◆ AIM OF THE TASK ◆
How many lines in these entries contain the string "modern"? Reply with the number alone.

◆ RECORDS SHOWN ◆
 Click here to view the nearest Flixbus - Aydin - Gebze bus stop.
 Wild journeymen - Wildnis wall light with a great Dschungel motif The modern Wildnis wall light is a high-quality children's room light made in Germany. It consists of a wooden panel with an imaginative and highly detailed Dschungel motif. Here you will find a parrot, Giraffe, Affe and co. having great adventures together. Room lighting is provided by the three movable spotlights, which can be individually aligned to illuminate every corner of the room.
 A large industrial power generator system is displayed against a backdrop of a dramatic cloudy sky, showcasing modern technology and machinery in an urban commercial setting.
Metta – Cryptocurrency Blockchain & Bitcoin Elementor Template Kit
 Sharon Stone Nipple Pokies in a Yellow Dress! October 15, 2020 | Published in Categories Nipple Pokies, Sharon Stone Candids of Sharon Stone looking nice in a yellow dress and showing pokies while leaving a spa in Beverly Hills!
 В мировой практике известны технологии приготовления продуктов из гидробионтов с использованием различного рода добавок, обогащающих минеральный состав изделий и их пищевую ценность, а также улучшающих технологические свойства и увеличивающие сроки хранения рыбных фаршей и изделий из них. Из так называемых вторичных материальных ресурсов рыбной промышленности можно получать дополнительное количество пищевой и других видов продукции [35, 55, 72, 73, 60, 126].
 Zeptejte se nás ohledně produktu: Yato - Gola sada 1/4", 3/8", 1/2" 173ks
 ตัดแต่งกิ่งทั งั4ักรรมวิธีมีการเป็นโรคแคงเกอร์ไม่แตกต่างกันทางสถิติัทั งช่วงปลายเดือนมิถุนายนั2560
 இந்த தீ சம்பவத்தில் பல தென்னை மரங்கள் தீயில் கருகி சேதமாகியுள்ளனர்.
...
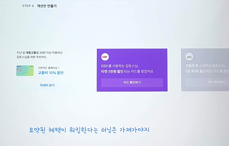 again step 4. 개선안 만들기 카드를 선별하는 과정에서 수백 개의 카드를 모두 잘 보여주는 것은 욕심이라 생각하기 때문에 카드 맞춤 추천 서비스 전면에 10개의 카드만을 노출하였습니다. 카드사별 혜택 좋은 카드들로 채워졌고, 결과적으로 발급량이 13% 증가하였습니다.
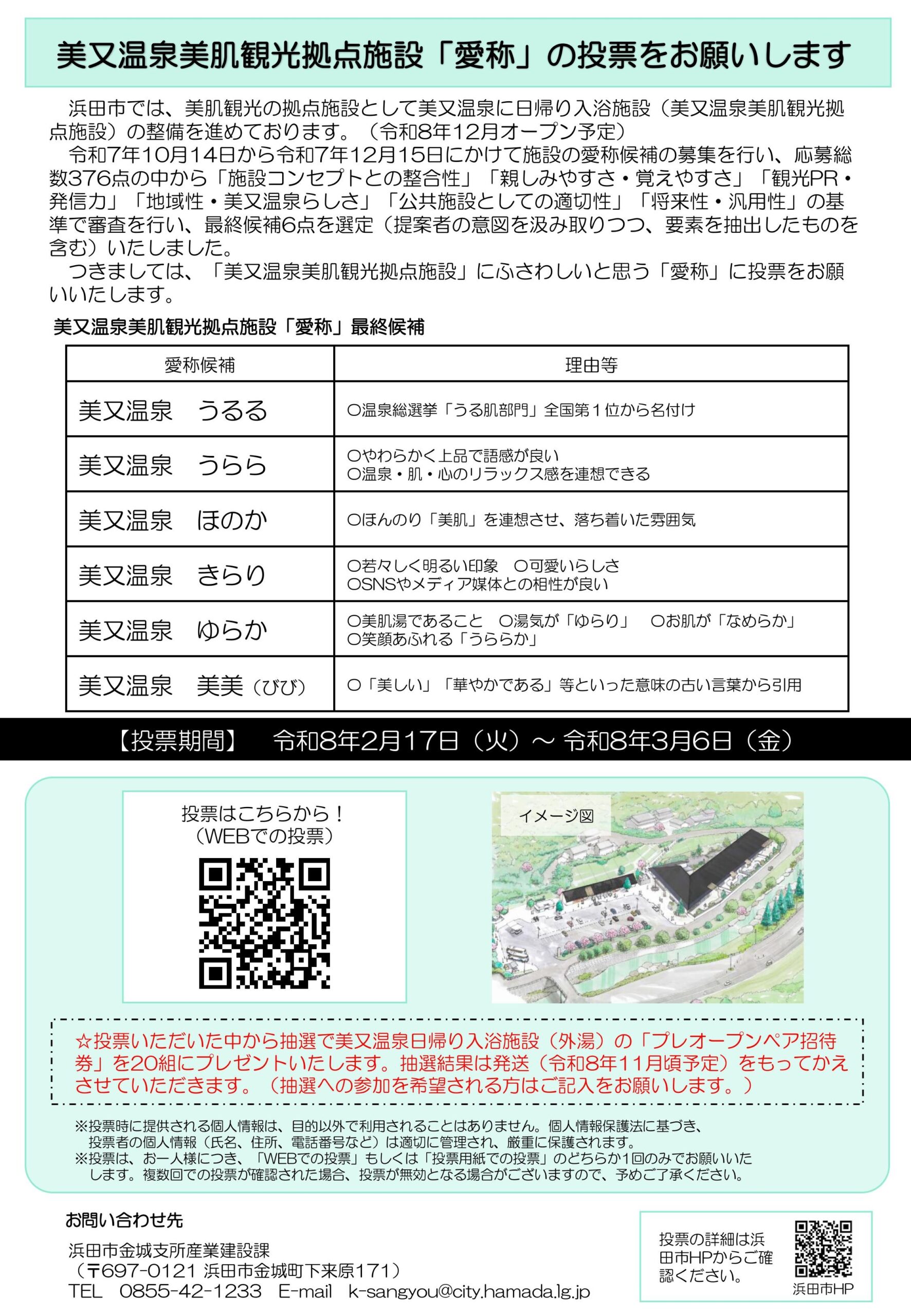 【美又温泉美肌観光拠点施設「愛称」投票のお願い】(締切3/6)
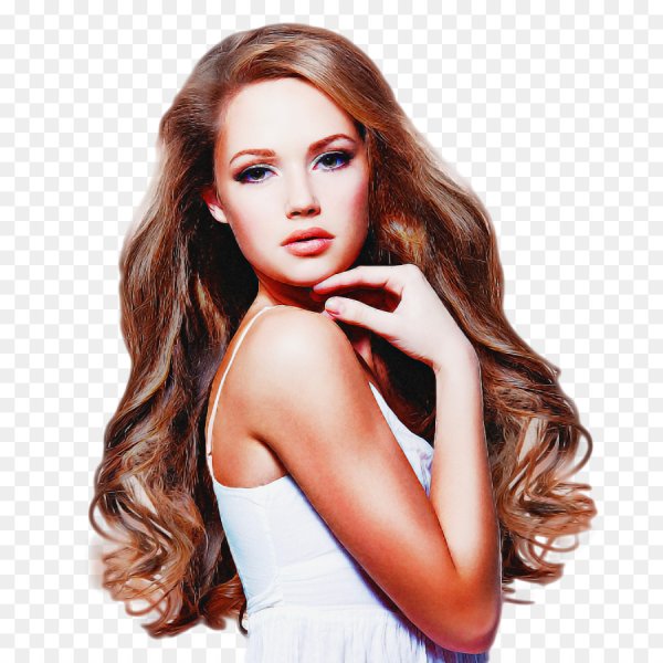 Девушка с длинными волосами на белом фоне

◆ ANSWER BOX ◆
2